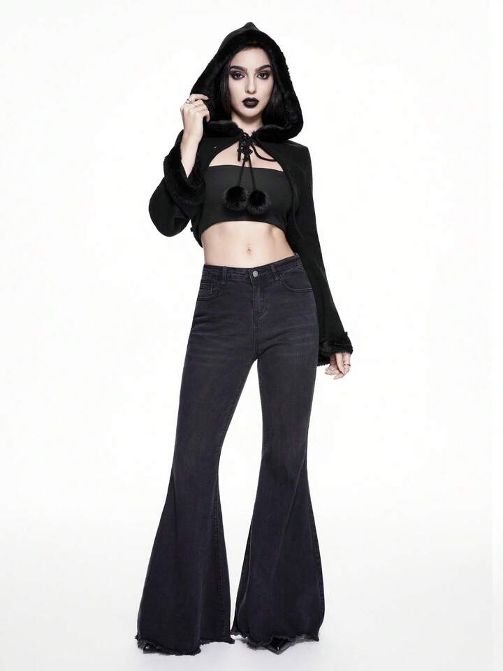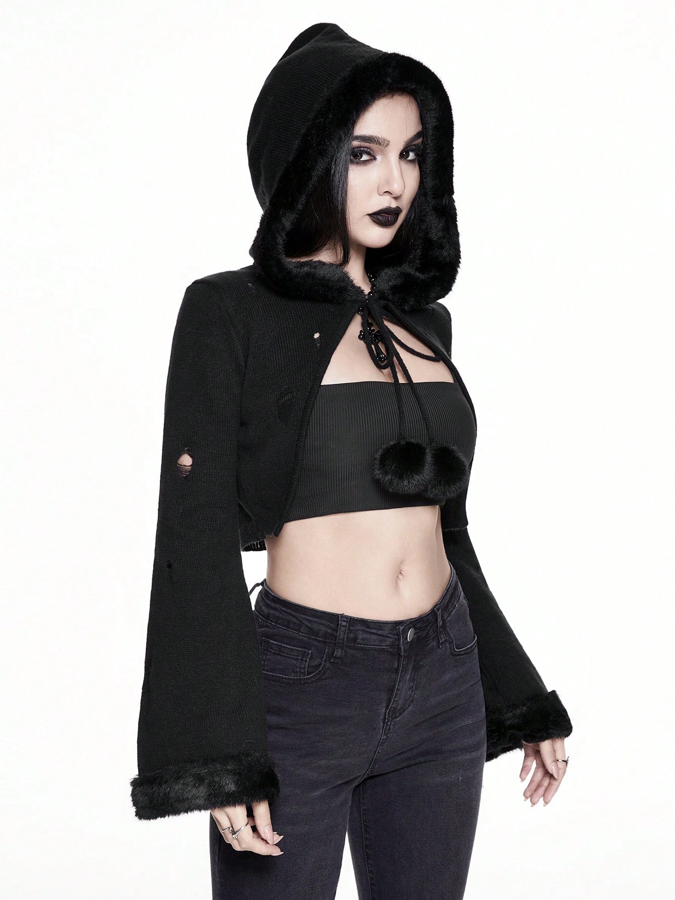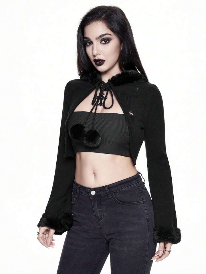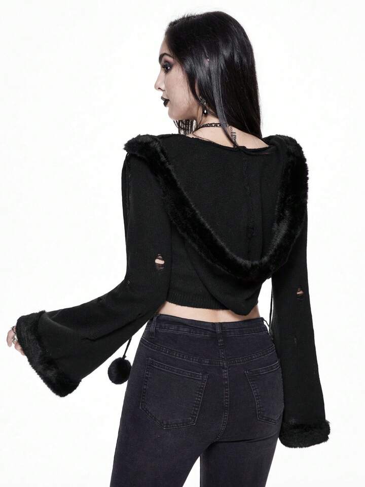 Cardigan léger à capuche style gothique foncé et délavé pour femmes
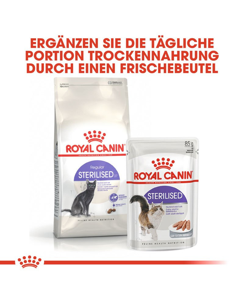 Om tegemoet te komen aan de individuele voorkeuren van verschillende katten, is ROYAL CANIN Sterilised 37 ook verkrijgbaar als stukjes in saus of gelei. Als u een gemengde voeding van droog- en natvoer overweegt, volg dan gewoon de voedingsrichtlijnen. Zo zorgt u ervoor dat uw kat de juiste hoeveelheid nat- en droogvoer krijgt.
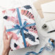 Lovely watercolor digital art pattern wrapping paper features a collection of Boho style feathers in pinks and black
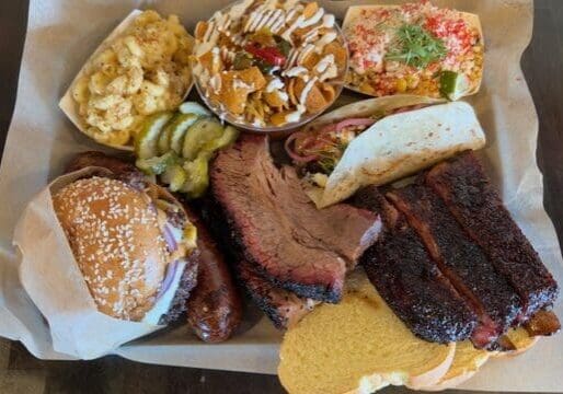 Tray of food at Dayne’s Craft Barbecue in Aledo Texas with brisket ribs sausage OG burger Frito pie beans mac and cheese and street corn
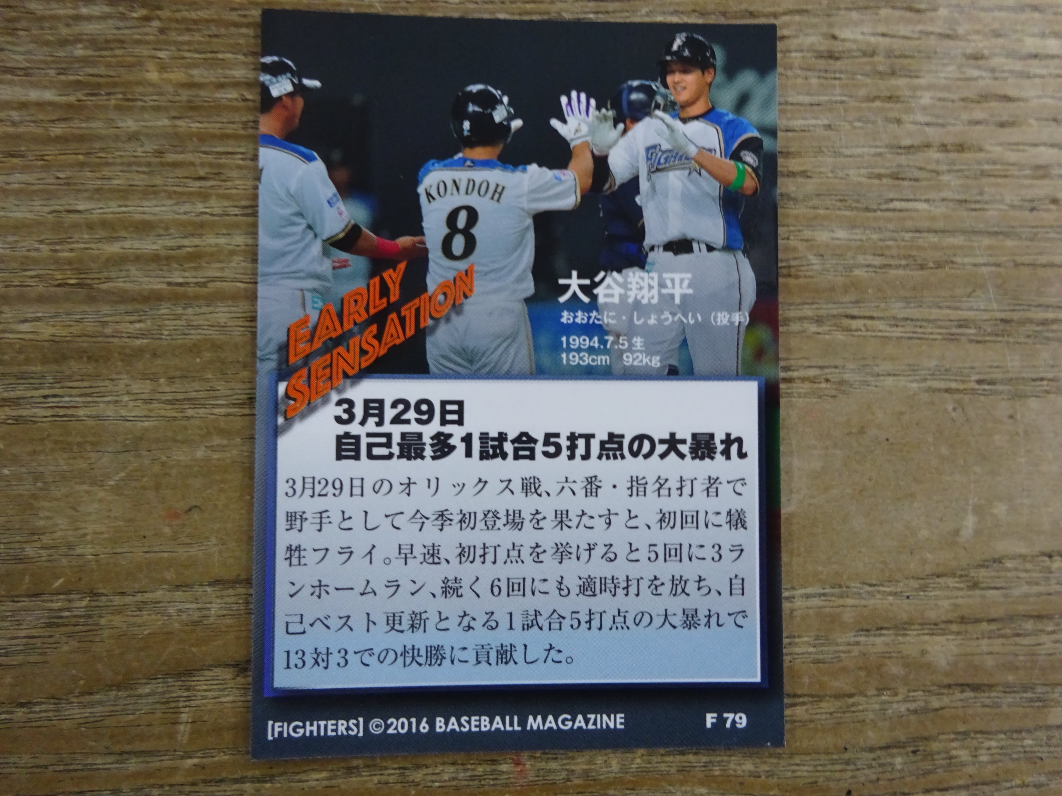 2016 BBM 北海道日本ハムファイターズ 大谷翔平 EARLY SENSATION 3月29日 自己最多1試合5打点の大暴れ No. F79
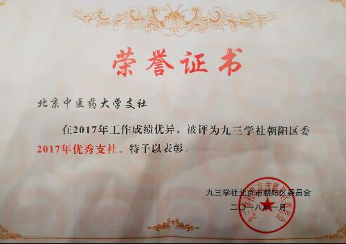 2017年,在学校党委和九三学社朝阳区委领导、组织和帮助下,我校九三支社全体社员深入学习和贯彻党的十九大精神,在努力做好教书育人、科学研究等本职工作的同时,积极发挥民主党派的作用,忠实履行民主党派职责,积极建言献策。刘斌作为朝阳区政协委员,在区政协十三届一次会议上,提交了《加强朝阳区中小学生中医药保健养生文化教育》等提案,并全程参与了《朝阳区基层医疗卫生发展现状及建议》专题调研活动。作为九三学社朝阳区委党派调研《如何实施“文化+”战略》专题组成员,参与完成了调研报告“如何实施‘文化+’战略——‘文化+’的内涵与对实施‘文化+’战略的建议”。2017年3月至5月,王荣国作为主讲教师,完成了传统文化(中医学)进中学项目,并在朝阳区小红门社区卫生服务中心开展社区健康普及讲座。2017年“六一”儿童节,刘斌、杨蕾参加了九三学社朝阳区委组织的赴河北省平山县北冶乡北冶小学捐赠活动。2017年10月,张聪受邀参加了九三学社中央青年工作委员会主办的“九三学社首届京津冀青年论坛”并作为代表发言,为京津冀协同发展及北戴河健康产业发展出谋划策。2017年重阳节,张红林、李侠参加了九三学社朝阳区委和华威北里社区服务站共同组织的社区义诊活动。2017年12月,张保春和王荣国作为世界杯竞猜平台专家团主要成员赴滇西应用技术大学傣医药学院,助力对口支援学术周活动。上述活动多次在九三学社北京市委员会网站、世界杯竞猜平台校园网和九三学社朝阳区委机关报《朝阳九三》上给予了及时报道。
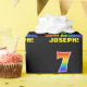 This colorful, cheerful, and fun birthday themed wrapping paper design features a large number "7" and the message "HAPPY BIRTHDAY,", both having a rainbow spectrum gradient inspired pattern coloring, along with a bold yellow custom recipient name. The background is colored black. Fun wrapping paper like this could be used when wrapping a birthday present or gift being given to somebody who is celebrating their seventh birthday. [~Z0000475]
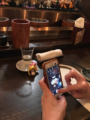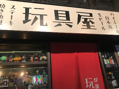 顧名思義,玩具屋是以日本動漫為主題的居酒屋,像我的七十後,龍珠、男兒當入樽,是我輩的集體回憶;坐在爐端燒吧枱前,YH見到美少女戰士模型,拿起來拍照。
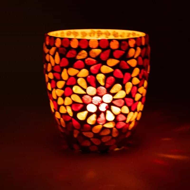 Acest suport pentru lumânări din sticlă mozaic este o piesă decorativă unică și fermecătoare. Designul său prezintă un model mozaic vibrant în nuanțe de roșu, portocaliu și galben, creând un efect caleidoscopic captivant. Potrivit pentru lumânări de ceai, lumânări votive sau becuri LED, acest suport va adăuga o atmosferă caldă și primitoare oricărui spațiu.
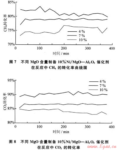 圖7、圖8為不同含量MgO-Al203載體制成10%Ni/MgO-Al203催化劑在反應(yīng)中CH4和CO2的轉(zhuǎn)化率。從圖7、8中可以看出,在反應(yīng)過(guò)程中10%Ni/4%MgO-Al203催化劑的催化活性最高,CH4和CO2轉(zhuǎn)化率分別為82%和90%左右。隨著反應(yīng)的進(jìn)行,10%Ni/4%MgO-Al203催化劑的催化活性略有浮動(dòng),但其轉(zhuǎn)化率仍然較高,在整個(gè)反應(yīng)過(guò)程中催化劑的催化活性變化都不是很大,表明其穩(wěn)定性較好。
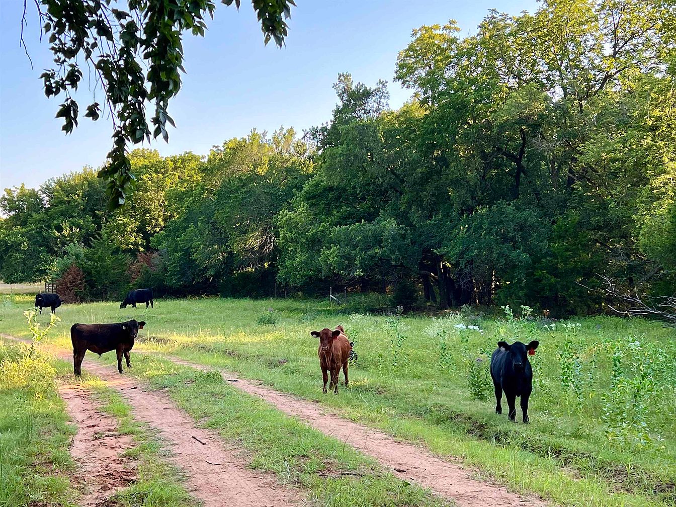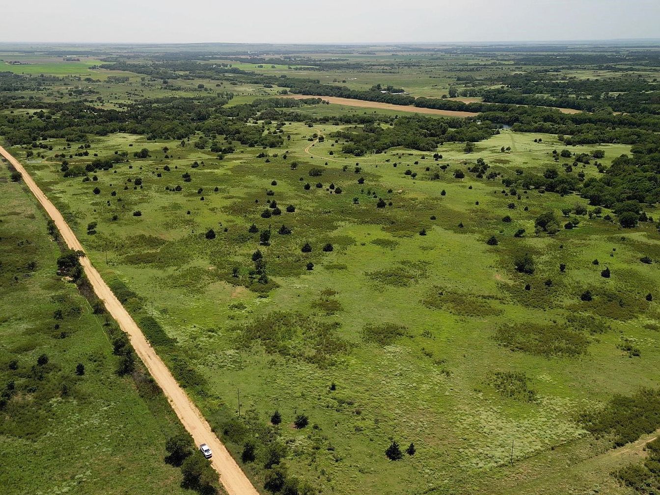 A sweeping aerial view of a vast expanse of lush greenery and open fields, punctuated by patches of trees and shrubs. A dirt road meanders through the landscape, bordered by vibrant green grasses and wild flora. The rich tones of the earth contrast beautifully with the freshness of the grass, creating a tranquil and serene atmosphere. In the distance, the land gently rolls, suggesting the presence of hills or valleys, enhancing the natural beauty. A solitary vehicle is visible on the road, emphasizing the spaciousness of the area, inviting exploration of this idyllic rural setting.
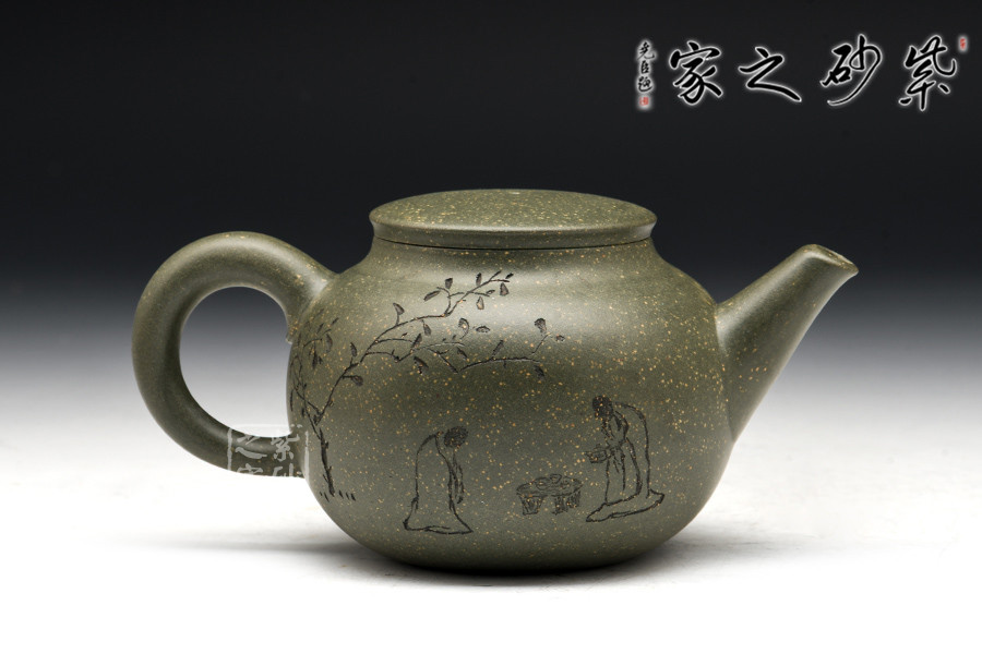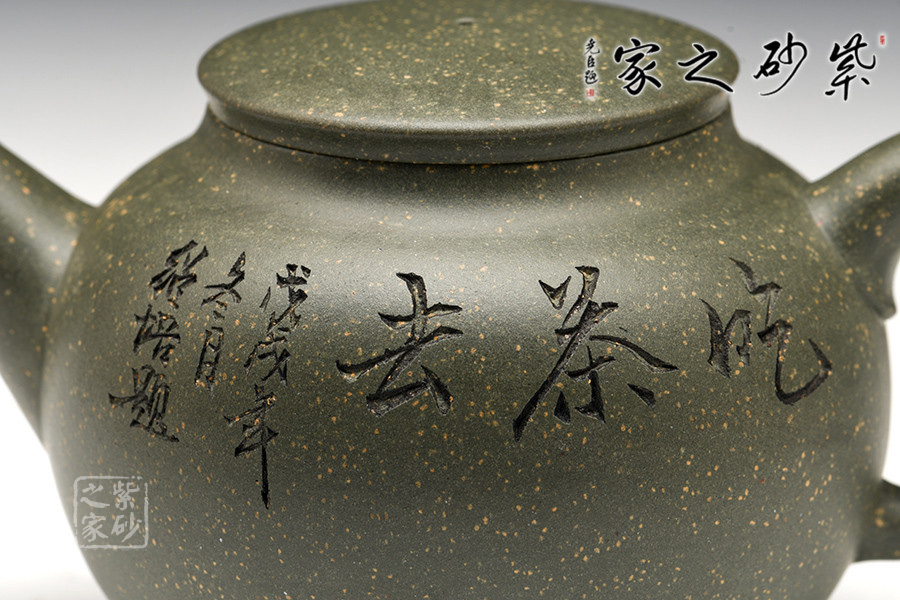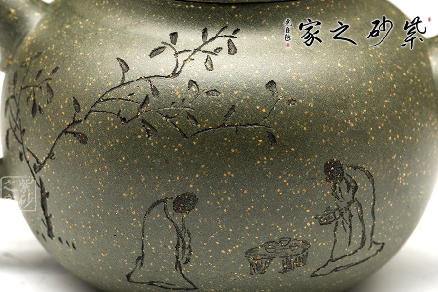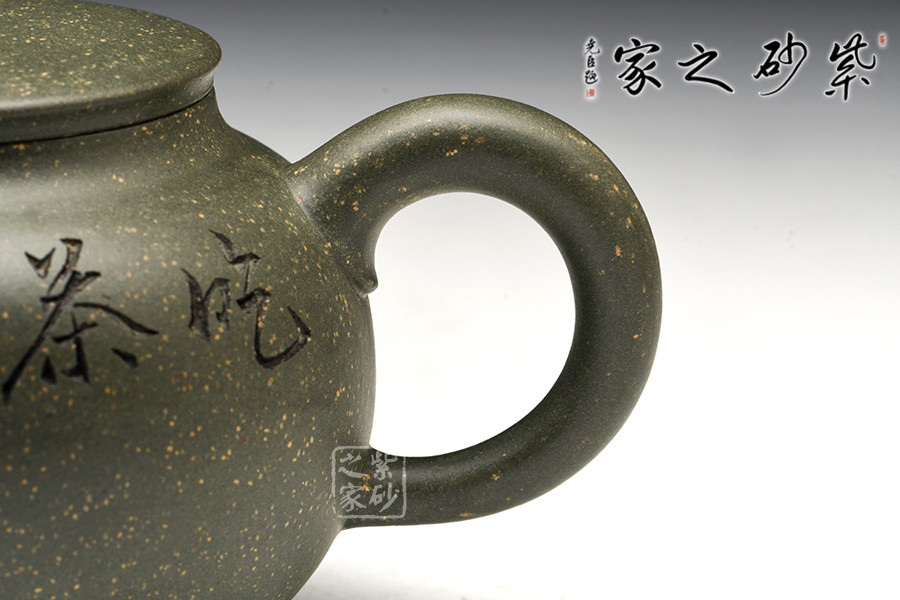 此作通體扁圓,線條柔和,平蓋壓壺,厚實緊密,茗香不散。加上明晰的直嘴、耳形把,與壺身相映襯,更顯別樣的意蘊。
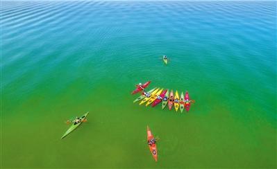 皮劃艇隊(duì)運(yùn)動(dòng)員在劉家峽水庫(kù)國(guó)家亞高原水上訓(xùn)練基地訓(xùn)練

● DIRECTIONS FOR THIS TASK
Start at the first line and set down all of the data exactly, passing over the pictures.

● WRITTEN SOLUTION
 Cardigan léger à capuche style gothique foncé et délavé pour femmes
 Om tegemoet te komen aan de individuele voorkeuren van verschillende katten, is ROYAL CANIN Sterilised 37 ook verkrijgbaar als stukjes in saus of gelei. Als u een gemengde voeding van droog- en natvoer overweegt, volg dan gewoon de voedingsrichtlijnen. Zo zorgt u ervoor dat uw kat de juiste hoeveelheid nat- en droogvoer krijgt.
 Lovely watercolor digital art pattern wrapping paper features a collection of Boho style feathers in pinks and black
 Tray of food at Dayne’s Craft Barbecue in Aledo Texas with brisket ribs sausage OG burger Frito pie beans mac and cheese and street corn
 2016 BBM 北海道日本ハムファイターズ 大谷翔平 EARLY SENSATION 3月29日 自己最多1試合5打点の大暴れ No. F79
 2017年,在学校党委和九三学社朝阳区委领导、组织和帮助下,我校九三支社全体社员深入学习和贯彻党的十九大精神,在努力做好教书育人、科学研究等本职工作的同时,积极发挥民主党派的作用,忠实履行民主党派职责,积极建言献策。刘斌作为朝阳区政协委员,在区政协十三届一次会议上,提交了《加强朝阳区中小学生中医药保健养生文化教育》等提案,并全程参与了《朝阳区基层医疗卫生发展现状及建议》专题调研活动。作为九三学社朝阳区委党派调研《如何实施“文化+”战略》专题组成员,参与完成了调研报告“如何实施‘文化+’战略——‘文化+’的内涵与对实施‘文化+’战略的建议”。2017年3月至5月,王荣国作为主讲教师,完成了传统文化(中医学)进中学项目,并在朝阳区小红门社区卫生服务中心开展社区健康普及讲座。2017年“六一”儿童节,刘斌、杨蕾参加了九三学社朝阳区委组织的赴河北省平山县北冶乡北冶小学捐赠活动。2017年10月,张聪受邀参加了九三学社中央青年工作委员会主办的“九三学社首届京津冀青年论坛”并作为代表发言,为京津冀协同发展及北戴河健康产业发展出谋划策。2017年重阳节,张红林、李侠参加了九三学社朝阳区委和华威北里社区服务站共同组织的社区义诊活动。2017年12月,张保春和王荣国作为世界杯竞猜平台专家团主要成员赴滇西应用技术大学傣医药学院,助力对口支援学术周活动。上述活动多次在九三学社北京市委员会网站、世界杯竞猜平台校园网和九三学社朝阳区委机关报《朝阳九三》上给予了及时报道。
 This colorful, cheerful, and fun birthday themed wrapping paper design features a large number "7" and the message "HAPPY BIRTHDAY,", both having a rainbow spectrum gradient inspired pattern coloring, along with a bold yellow custom recipient name. The background is colored black. Fun wrapping paper like this could be used when wrapping a birthday present or gift being given to somebody who is celebrating their seventh birthday. [~Z0000475]
 顧名思義,玩具屋是以日本動漫為主題的居酒屋,像我的七十後,龍珠、男兒當入樽,是我輩的集體回憶;坐在爐端燒吧枱前,YH見到美少女戰士模型,拿起來拍照。
 Acest suport pentru lumânări din sticlă mozaic este o piesă decorativă unică și fermecătoare. Designul său prezintă un model mozaic vibrant în nuanțe de roșu, portocaliu și galben, creând un efect caleidoscopic captivant. Potrivit pentru lumânări de ceai, lumânări votive sau becuri LED, acest suport va adăuga o atmosferă caldă și primitoare oricărui spațiu.
 圖7、圖8為不同含量MgO-Al203載體制成10%Ni/MgO-Al203催化劑在反應(yīng)中CH4和CO2的轉(zhuǎn)化率。從圖7、8中可以看出,在反應(yīng)過(guò)程中10%Ni/4%MgO-Al203催化劑的催化活性最高,CH4和CO2轉(zhuǎn)化率分別為82%和90%左右。隨著反應(yīng)的進(jìn)行,10%Ni/4%MgO-Al203催化劑的催化活性略有浮動(dòng),但其轉(zhuǎn)化率仍然較高,在整個(gè)反應(yīng)過(guò)程中催化劑的催化活性變化都不是很大,表明其穩(wěn)定性較好。
 A sweeping aerial view of a vast expanse of lush greenery and open fields, punctuated by patches of trees and shrubs. A dirt road meanders through the landscape, bordered by vibrant green grasses and wild flora. The rich tones of the earth contrast beautifully with the freshness of the grass, creating a tranquil and serene atmosphere. In the distance, the land gently rolls, suggesting the presence of hills or valleys, enhancing the natural beauty. A solitary vehicle is visible on the road, emphasizing the spaciousness of the area, inviting exploration of this idyllic rural setting.
 此作通體扁圓,線條柔和,平蓋壓壺,厚實緊密,茗香不散。加上明晰的直嘴、耳形把,與壺身相映襯,更顯別樣的意蘊。
 皮劃艇隊(duì)運(yùn)動(dòng)員在劉家峽水庫(kù)國(guó)家亞高原水上訓(xùn)練基地訓(xùn)練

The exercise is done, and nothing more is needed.